Skip the pictures. Retype exactly, and only, the lines between the line holding "日照 | 積雪 | 降雪 |" and the last line below, inclusive.

◇ ◇ ◇ ◇ ◇ ◇ ◇

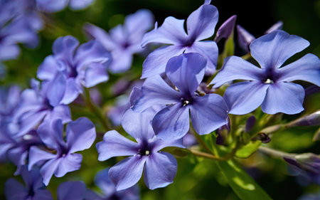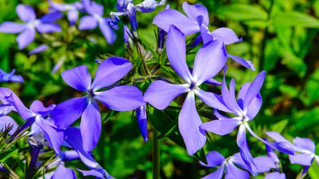 Bright blue spring phlox blooms gracefully in a meadow, showcasing its delicate petals. This selective focus captures the beauty of nature, inviting viewers to appreciate its vibrant charm. Selective focus.
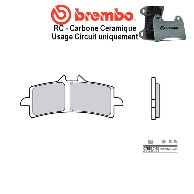 Les plaquettes BREMBO en finition RC sont exclusivement réservées à un usage CIRCUIT - COMPTÉTITION.
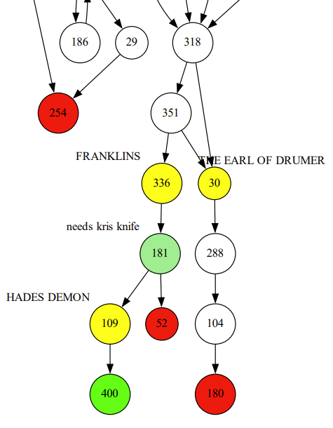 Tl;dr: The idea here is to use directed graphs to provide optimal walkthroughs of Fighting Fantasy gamebooks; in this case, House of Hell. Check out the beginning of the Deathtrap Dungeon post for tips on how to read the graph.
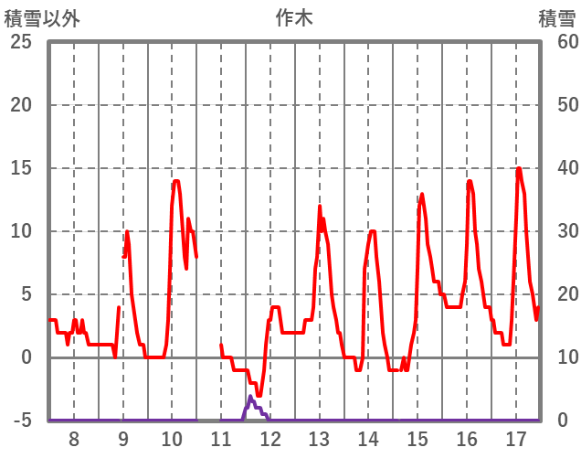 | 日 | 時 | 気温 | 降水 | 風向/風速 | 日照 | 積雪 | 降雪 |
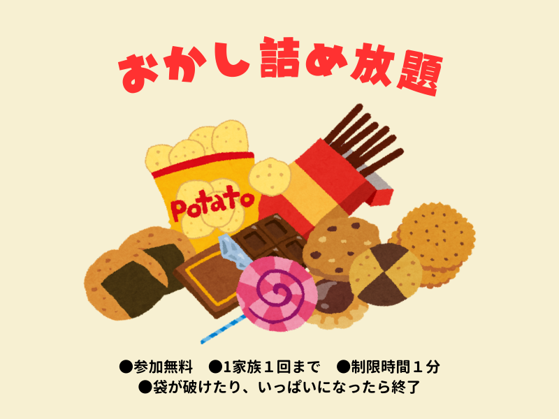 アスカ創建ブースにて、お子さまも大人も楽しめる「おかし詰め放題」を実施します!

◇ ◇ ◇ ◇ ◇ ◇ ◇

SOLUTION:
 | 日 | 時 | 気温 | 降水 | 風向/風速 | 日照 | 積雪 | 降雪 |
 アスカ創建ブースにて、お子さまも大人も楽しめる「おかし詰め放題」を実施します!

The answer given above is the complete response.